Oleh : Dr. Sarmini
Menjadi seorang guru menurut penulis, setidaknya harus mampu  berperan terbaik menjadi : pengajar, pendidik, pembimbing, sahabat siswa dan orang tua pengganti, seperti yang diterapkan di Sekolah Islam Nabilah, Batam. Â
Dan untuk mencapainya harus dapat menciptakan lingkungan yang tidak hanya mendukung empat Pilar Pembelajaran (learning to know, learning to do, learning to be, learning to life together), tetapi juga memberi kesempatan siswa untuk bereksplorasi, bereksperimen serta melakukan  observasi dan akhirnya menemukan jawaban seiring dengan proses pembelajaran berjalan. Lalu bagaimana kegiatan yang dilaksanakan anak ketika libur ? Dapatkah ketika liburan tetap diisi dengan kegiatan bernuansa  edukasi ?

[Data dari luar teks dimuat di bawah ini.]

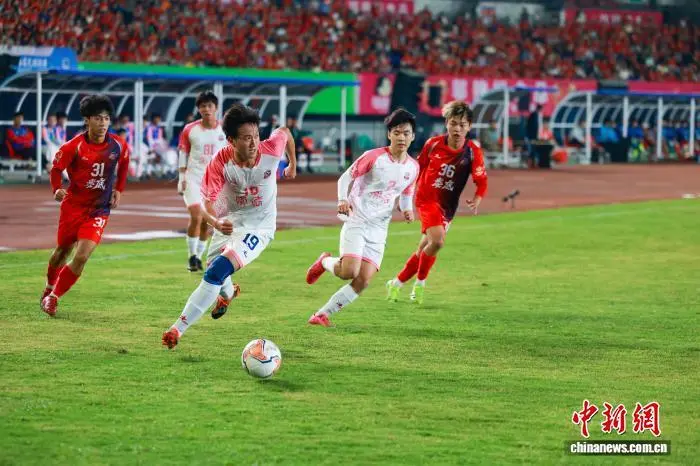 9月20日晚,“湘超”常德队客场对阵主队娄底队,21000余名球迷现场为两队摇旗助威。依靠26号球员夏宇航的进球,常德队1比0击败娄底队,取得两连胜。图为常德队19号球员王骞弘抢球。 蔡文龙 摄
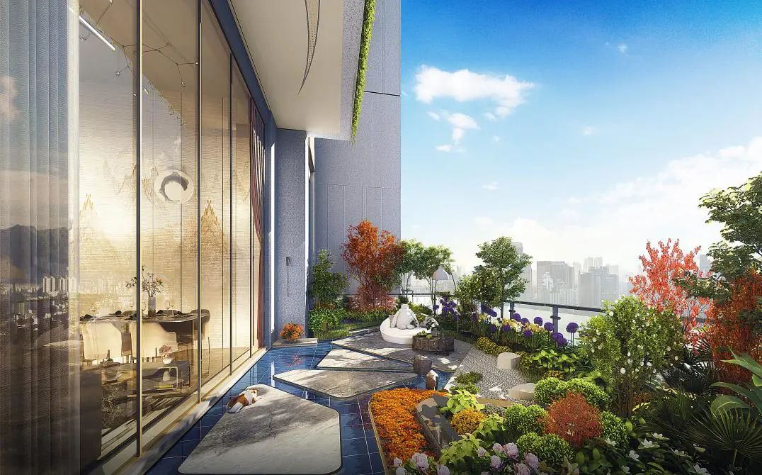湘潭環(huán)球港,打破空中院子與客廳之間的區(qū)隔感,IMAX級大尺度闊景設(shè)計,將客廳與院子相連,把室內(nèi)的空間視野放大,讓風景入院,開啟奢適生活。即使蟄居于家,在花園和開闊的空間中,不用出門也能將夏日萬象攬入眼里。

Libur Semester Ganjil TP 2022-2023 telah tiba. Dalam mengisi liburan sekolah, siswa-siswi Sekolah Islam Nabilah, Batam mengisi dengan beberapa kegiatan dan tetap tanpa meninggalkan nilai edukatif. Guru-guru di Sekolah telah terbiasa dan selalu memberikan pesan edukatif kepada siswa, agar dalam mengisi liburan tetap diisi dengan kegiatan yang positif. Dan siswa mengaplikasikan Merdeka Belajar dari Kurikulum Merdeka dari sisi pandang siswa.
Makna Merdeka Belajar
Makna Merdeka Belajar menurut Mendikbud Nadiem Makarim adalah sekolah, murid, dan guru memiliki kebebasan untuk berinovasi, belajar dengan mandiri dan kreatif. Kementerian Pendidikan dan dinas pendidikan akan berupaya untuk memberikan ruang inovasi di masing-masing sekolah.

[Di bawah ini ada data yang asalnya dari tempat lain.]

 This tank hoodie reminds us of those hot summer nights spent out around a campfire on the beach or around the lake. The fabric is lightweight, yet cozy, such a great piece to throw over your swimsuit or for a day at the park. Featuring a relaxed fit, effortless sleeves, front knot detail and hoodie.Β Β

Konsep Merdeka Belajar menurut Ki Hadjar Dewantara dapat dilihat dalam pemikirannya mengenai pendidikan yang mendorong terhadap perkembangan siswa, yaitu pendidikan mengajarkan untuk mencapai perubahan dan dapat bermanfaat bagi lingkungan masyarakat. Pendidikan juga merupakan sarana untuk meningkatkan rasa percaya diri, mengembangkan potensi yang ada dalam diri, karena selama ini pendidikan hanya mengembangkan aspek kecerdasan, tanpa diimbangi dengan sikap perilaku yang berkarakter dan keterampilan yang dibutuhkan dalam kehidupan.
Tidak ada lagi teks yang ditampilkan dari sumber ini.